Que dire et ne pas dire ?
Évitez les jugements moraux et les formulations qui minimisent la souffrance. Dites plutôt que vous souhaitez comprendre et aider. Ne promettez pas de garder un secret si la sécurité de la personne est engagée.

Comment assurer la sécurité immédiate ?
Si vous découvrez des blessures récentes ou des menaces suicidaires, agissez rapidement et calmement pour protéger la personne. Restez auprès d’elle, retirez si possible les moyens dangereux et contactez un professionnel sans tarder si la situation l’exige.
- Soyez présent et attentif pour réduire l’isolement.
- Encouragez à consulter un médecin ou un service d’urgence si les blessures nécessitent des soins.
- Contactez un professionnel de santé mentale pour une orientation adaptée.
- En cas de risque suicidaire, appelez immédiatement les services d’urgence ou une hotline spécialisée.

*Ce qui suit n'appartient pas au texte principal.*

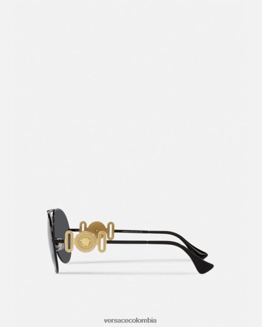 Estas gafas de sol estilo aviador Medusa Biggie tienen monturas finas de metal, detalladas con un puente nasal doble y piezas metálicas de Medusa en las patillas.

- Évitez de laisser la personne seule si le danger est imminent.
Quelles prises en charge et traitements existent ?
Plusieurs approches thérapeutiques ont montré leur efficacité pour réduire l’automutilation et traiter les causes sous-jacentes. Le choix du traitement dépend du diagnostic, de l’âge et du contexte de la personne.

Thérapies recommandées
La thérapie comportementale dialectique (TCD) et les thérapies cognitivo-comportementales (TCC) constituent des références pour travailler la régulation émotionnelle et les mécanismes de l’automutilation. La thérapie familiale peut aussi aider lorsque les dynamiques relationnelles contribuent aux difficultés. Le suivi régulier avec un psychologue ou un psychiatre favorise des progrès durables.
Traitement médicamenteux
Les médicaments ne guérissent pas l’automutilation en soi mais ils peuvent soulager des symptômes associés comme la dépression ou l’anxiété. La décision d’introduire un traitement médicamenteux revient à un psychiatre qui évaluera les bénéfices et les risques. L’association thérapie psychologique et pharmacologie donne souvent de meilleurs résultats.
Ressources et urgences
En cas de danger immédiat, les services d’urgence et les lignes d’écoute spécialisées restent la première option. Les centres de santé mentale, les associations locales et les plateformes de téléconsultation offrent des voies d’accès rapides à l’aide professionnelle. Gardez à portée de main les contacts des services locaux afin d’intervenir sans perdre de temps.